Language development Flashcards
(12 cards)
1
Q
Symbolism: conventional and arbitrary?
A
- Languages are symbolic systems.
- Symbols are conventional – they are used by all speakers in the same way.
- Symbols are arbitrary – there is no inherent relation between the word form and its meaning
- Different languages use different word forms:
2
Q
Rules vs creativity?
A
- Learning language involves rule learning but also productivity.
- Children have to learn the rules of their language to communicate successfully.
- Tom chased Jerry
- not: Jerry chased Tom or chased Jerry Tom
- To express new ideas, children have to learn how to combine sounds, words and phrases creatively, i.e., in new ways.
3
Q
Comprehension vs production?
A
- Children tend to understand more than they can say themselves
- Production tends to lag behind comprehension
- Possibly because of difficulty of articulation
- Possibly because of memory difficulties
- Why is this important?
- Links to competence vs performance
4
Q
Identifying sounds – categorisation?
A
- Units of sound are phonemes – sounds which are meaningfully distinct
- Compare these words:
- bat, cat, hat, rat, (g)nat, vat, Pat
- Infants perceive (native and non-native) sounds categorically at 4 and 1 month of age (Eimas et al., 1971)
5
Q
what did Werker & Tees 1984 study?
A
- Cross-language speech perception…
- Tested 6-12 month olds’ discrimination of different sounds – English, Hindi, and Salish
- Conditioned head-turn procedure (habituation and discrimination)
- Results
- Sensitivity to non-native sounds declines with age
- Fewer 12-month-olds discriminate non-English sounds than do 6-month-olds.

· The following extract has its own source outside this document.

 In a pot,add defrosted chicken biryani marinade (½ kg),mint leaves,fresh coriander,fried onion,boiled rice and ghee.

- Older children have ‘tuned in’ to their native sound system.
6
Q
what are the stages of Speech production?
A
- 0-2 months: Reflexive vocalisation
- crying, fussing, coughing, burping, grunts, sighs
- 2-4 months: Cooing and laughter
- 4-7 months: Vocal play and onset of babbling
- squeals, growls, yells, raspberries
- 7+ months: Canonical babbling
- reduplicated syllables: ba-ba-ba ma-ma-ma-ma-ma
- 7+ months: Variegated babbling
- mixed syllables: no-ba-bu-ma
- 12-18 months: First word
- 7-8 years: all sounds/sound clusters acquired
7
Q
how do we Acquire words?
A
- Reference problem
- Children have to realise that words represent / refer to objects – words can be used to label things and events
- Extension problem
- Children have to learn the limits of that mapping - what do words mean (semantics)?
8
Q
what is the reference problem?
A
- Reference problem: words refer to things, have meaning
- Children start solving this very early: 6-9 month olds recognise familiar words (Bergelson & Swingely, 2012)
- Typically solved by second year of life – children experience the naming insight.

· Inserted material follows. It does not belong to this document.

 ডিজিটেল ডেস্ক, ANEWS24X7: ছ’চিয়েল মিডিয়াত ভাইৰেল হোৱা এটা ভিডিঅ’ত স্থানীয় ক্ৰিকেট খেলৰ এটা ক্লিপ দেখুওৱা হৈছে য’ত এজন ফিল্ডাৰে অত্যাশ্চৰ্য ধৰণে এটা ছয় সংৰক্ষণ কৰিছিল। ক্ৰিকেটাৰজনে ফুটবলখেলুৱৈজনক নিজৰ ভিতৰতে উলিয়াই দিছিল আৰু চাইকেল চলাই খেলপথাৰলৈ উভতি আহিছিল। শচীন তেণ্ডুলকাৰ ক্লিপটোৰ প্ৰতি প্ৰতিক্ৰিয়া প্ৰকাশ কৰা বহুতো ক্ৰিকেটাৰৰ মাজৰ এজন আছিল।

- Once they solve this problem, vocabulary rapidly grows – the vocabulary spurt.
9
Q
Constraining word meanings?
A
- Extension problem: words can refer to individuals/ instances and also to categories
- ‘dog’ refers to: your dog, any real dog, cartoon dog, toy dog
- ‘dog’ does not refer to: cats, rabbits, horses, tables, chairs, vehicles etc.
- Typical errors:
- underextension errors → child says ‘dog’ to refer to ‘Spot’, the pet.

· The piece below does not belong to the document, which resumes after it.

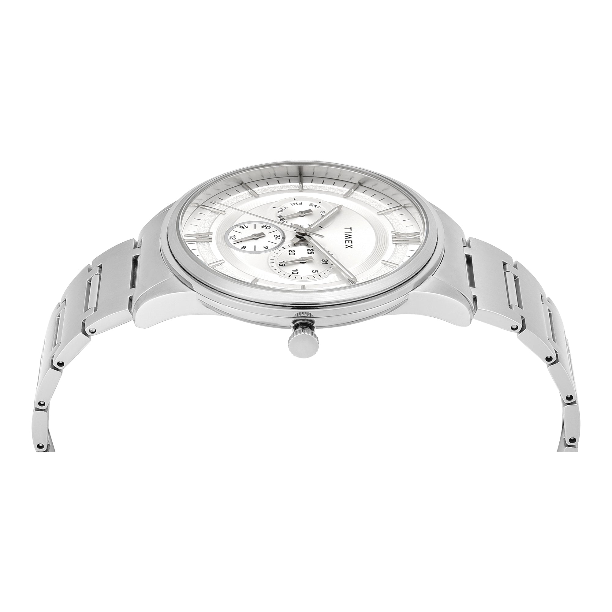 Experience timeless craftsmanship with the TIMEX Watch for Men Analog, a true classic among water resistant watches for man Analog. Designed with a bold 42mm Silver dial and a stylish Silver Stainless Steel this Men's watches model combines modern edge with vintage charm. Built for everyday wear, its Stainless Steel case ensures durability, while the 50 m water resistance makes it suitable for daily splashes and unexpected weather. The Analog watch for man runs on reliable Quartz movement, offering precise timekeeping that suits both casual outings and formal occasions. This watch for man ideal for those who appreciate a minimalist look in a classic watch for man making it a perfect choice for office, travel, or daily commutes. Whether you're shopping a watch for man, a formal watch for man, or a timeless wrist watch for Men, this model checks all the right boxes. It also makes a thoughtful gift, combining elegance with practicality.Its Comes With minimal maintenance and a one-year warranty (limited to manufacturing defects).

- overextension errors → child says ‘dog’ to refer to all dogs, other 4-legged animals, all soft toys, pictures of animals.
- overlap errors → child says ‘dog’ to refer to pet dogs, cats, cows, and bears but not toy dogs.
- mismatch errors → child says ‘dog’ to refer to their teddy bear.
10
Q
How do children learn action words?
A
- English-speaking children’s first words tend to be nouns – names for concrete objects.
- What about other words, e.g. action words (verbs)?
- Verbs do not represent concrete things, verbs represent events which are momentary and complex
- Syntactic bootstrapping hypothesis
- Children use their knowledge of language to learn language
- There is a direct correspondence between the structure of events and syntactic structure that expresses events
11
Q
what did Messenger, Yuan & Fisher 2015 study?
A
- Learning verb syntax via listening: New evidence from 22-month-olds.
- Dialogue training followed by preferential-looking test
- Jane blicked the baby!
- She blicked the baby?
- Bill was blicking the duck.
- He was blicking the duck.
- Consistent with syntactic bootstrapping hypothesis: children can use language to learn basic meanings for new words.
- Further implication: by 2 years, children must be able to make sense of basic syntax (how words are combined in sentences).
12
Q
Combining words in sentences?
A
- 12-24 months: One-word stage
- One-word utterances = holophrases – mean more than one word
- 24 months+: Two-word stage
- Telegraphic speech – function words and morphemes omitted
- ~ 30 months+: Three-four word + stage
- Children beginning to use morphology to signal number and tense
- Children make overregularization errors
- 3-4 years+: Increasingly long and complex sentences
- Are these rule-based or experience-based?